The kernel grants a Resource to another Process by using this procedure:
The kernel grants a Resource to another Process by using this procedure (`GRANT_RESOURCE`):
* Validates that the `resourceId` matches the mapped in `resourceAddress` and otherwise fails with `INVALID_SOURCE`.
* Validates that the current Process owns the given Resource.
* Validates that the `processId` is a valid process otherwise fails with `INVALID_TARGET`.
* Validates that the `targetResourceAddress` is pointing to a valid and empty page table entry that is owned by the target Process. Otherwise fails with `INVALID_TARGET`.
* Writes the page table entry in the target Process to point to the same physical address as `resourceAddress` but without the `Owner` flag and with the `Grant` flag.
* Returns `SUCCESS` to the original calling Process.
The kernel revokes a Resource from another Process by using this procedure (`REVOKE_RESOURCE`):
* Validates that the `resourceId` matches the mapped in `resourceAddress` and otherwise fails with `INVALID_SOURCE`.
* Validates that the current Process owns the given Resource.
* Validates that the `processId` is a valid process otherwise fails with `INVALID_TARGET`.
* Validates that the `targetResourceAddress` is pointing to a valid page table entry that is owned by the target Process and points to the given Resource. Otherwise fails with `INVALID_TARGET`.
* Voids the page table entry in the target Process.
* Returns `SUCCESS` to the original calling Process.
The kernel changes ownership of a Resource by using this procedure (`CHOWN_RESOURCE`):
* Validates that the `resourceId` matches the mapped in `resourceAddress` and otherwise fails with `INVALID_SOURCE`.
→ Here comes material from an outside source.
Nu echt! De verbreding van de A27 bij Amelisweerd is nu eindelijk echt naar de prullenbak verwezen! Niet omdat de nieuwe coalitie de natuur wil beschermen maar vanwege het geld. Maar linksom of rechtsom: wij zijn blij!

* Validates that the current Process owns the given Resource.
* Validates that the `processId` is a valid process otherwise fails with `INVALID_TARGET`.
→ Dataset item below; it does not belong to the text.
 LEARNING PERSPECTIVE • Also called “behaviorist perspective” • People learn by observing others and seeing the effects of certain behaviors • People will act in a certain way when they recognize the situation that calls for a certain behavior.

* Validates that the `targetResourceAddress` is pointing to a valid page table entry that is owned by the target Process and points to the given Resource. Otherwise fails with `INVALID_TARGET`.
* Atomically swaps the page table entries. Failing atomicity, it can set the `Grant` bit and clear the `Owner` in the calling Process and then set the `Owner` bit and clear the `Grant` bit on the target Process.
* Returns `SUCCESS` to the original calling Process.